The Better Liar(67)



A muscle in my thigh twitched, as if something had bitten me. “What?”

“You know…” He sighed. “Did you say anything to her, did you…”

“Did I tell her about your disgusting habit?” I asked. I thought about rocking my knee sideways to touch his, to show I was joking, and then I remembered what Nancy had said at the Frontier, about men who wanted to be in control.

He shook his head. “I don’t mean that. Just if you guys fought, or you told her—I don’t know.” He shifted his weight onto the edge of the step, jostling the blanket, which slipped off his back onto the porch steps.

“I didn’t tell her anything,” I said. “If there’s something wrong with Leslie, it was wrong before I got here.”

“Yeah, whatever,” he said, putting his hands on his knees like he was about to stand.

“Dave?” I said. “Are you ever scared?”

He cocked his head. “Of what?”

“Of her?” I said, unable to stop my voice from ticking up at the end.

Dave laughed, and just like before it warmed me against my will. I found myself unable to really believe it could be like Nancy had said. He didn’t seem like the kind of man who could hurt anybody. But neither did Sam, with his round belly and pink ears. “Sure,” he said. “She’s, you know, five foot ten, wicked serve. Play volleyball against Leslie, fear for your testicles.”

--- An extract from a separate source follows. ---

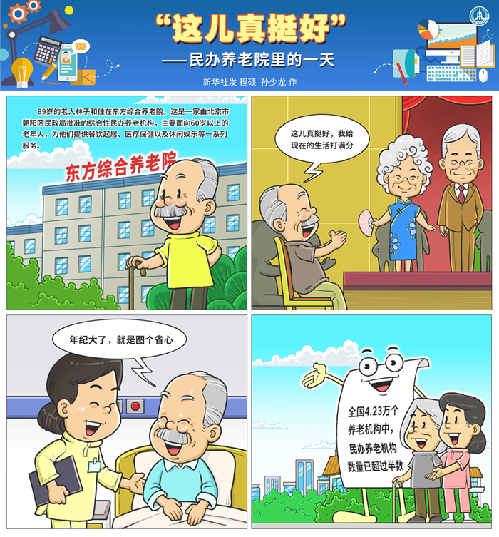 “相對于公辦養老機構來說,靈活、高效是我們的最大優勢!睎|方綜合養老院院長喬穎說,近年來國家加大改革力度,不斷放開養老服務市場,在各級民政部門的支持下,民辦養老機構管理手段靈活、服務層次多元的優勢得以最大化發揮,為老年人提供了更為豐富的養老選擇。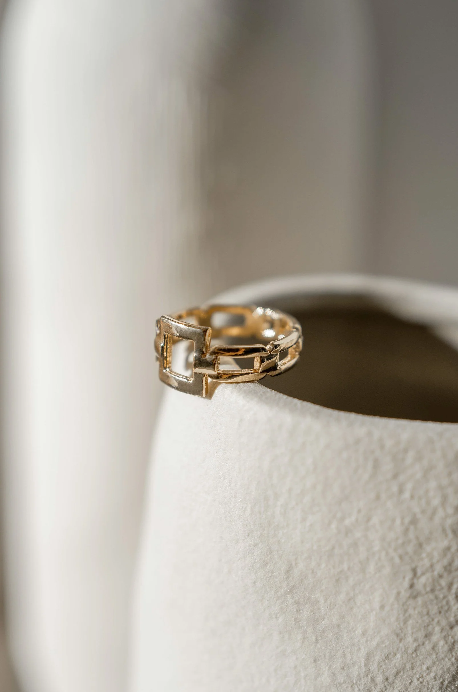 Une bague en or de la marque Ghizo Paris, brillante, posée sur le rebord d'un vase

    “Oh,” I said. “Right.” He stood up, and I reached for him. My fingers brushed against one of his knees, where the bone protruded knobbily; it made me feel sort of tender toward him, as if I knew him, maybe because I could imagine him as a teenager, all that stark bony flesh. “Hey, do you have another joint?” I asked, wanting to keep him with me a second or two longer.

He stared at me. I thought about Leslie finding his messages with Elaine, all that money gone to some other woman. I thought about Paul and the girl at his house, that girl who’d looked like me, my replacement. For a second they almost looked the same to me, Dave and Paul; I could have wanted to kill him too, if I’d loved him more. If I’d loved him as much as Leslie did. “I don’t do it that often,” he said finally, moving toward the door.

My hand stayed in the air where his knee had been, hovering uncertainly, so that it looked like I was saying, over and over again, Hello, or maybe So-so. “Could you put me in touch, then?”

“With my dealer?” His hand closed over the doorknob. “I guess so.”

“What’s his number?”

“Hers,” he said, fumbling in his pocket for his phone. “Um…” He read me the number, then added, “Elaine. Tell her you’re my sister-in-law, it’ll be fine.”

“Elaine,” I repeated, my fingers pausing against my own phone screen, which lit me sickly from below.

“Don’t tell Leslie, okay?” he added, opening the door.

“Right,” I said, tapping Elaine Campbell’s name into my phone. “I won’t tell Leslie.”

He went inside, pressing his fingertips against the glass door to keep it from slamming. I stayed seated on the porch, staring at the way the streetlight picked out the small downy hairs on my thighs.





43


    Mary


The inside of the Bernalillo County jail was so ordinary—a little tan lobby with linoleum floors and plastic plants. I don’t know what I expected. Bars over everything, maybe, or a big hefty guard at the door. The only guard was the clerk sitting at a desk protected by Plexiglas, chewing on the nubby end of a pen cap.

Nancy had walked in ahead of me and she went up to the clerk. “I’m here to see one of the prisoners, Francis Clery.” She slid her badge into the well beneath the glass.

The clerk studied it briefly, then glanced up at me. “Who’s that?”

“This is Robin Voigt. She’s going to sit in.”

I held my breath. He pursed his lips. “Okay,” he said at last. “ID.”

I fumbled in my purse.

After the clerk was done taking my information, Nancy and I went to sit in the plastic chairs lining the far wall. They were textured to feel like sand, and my hands started sweating as soon as I gripped the edges. I let go, trying to relax. My body drifted toward Nancy—close, too close—and I whispered, “How long until we can go in?”

Nancy was straight-backed. “Depends on whether he’s in the middle of a structured block of time. Could be five minutes, could be an hour. He can refuse to talk if he wants. Then they’ll come out and tell us to go.”

    I didn’t know what I’d do if that happened. I ran my tongue over my teeth, thinking.

There was no television in the lobby, no reading material—which was the only thing that distinguished it from a dentist’s office. I stared at the peach-colored metal door. It had a little window cut into the top, crisscrossed by thin metal bars. Almost the only thing.

It was nearly an hour before an officer came to the door and nodded at us. I had been watching Nancy play Words With Friends on her phone. She was a terrible speller, which she tried to hide from me by tilting the screen away, but I could tell. I watched her laboriously assemble D-A-C-K-E-R-Y and frown when the game kicked it back to her.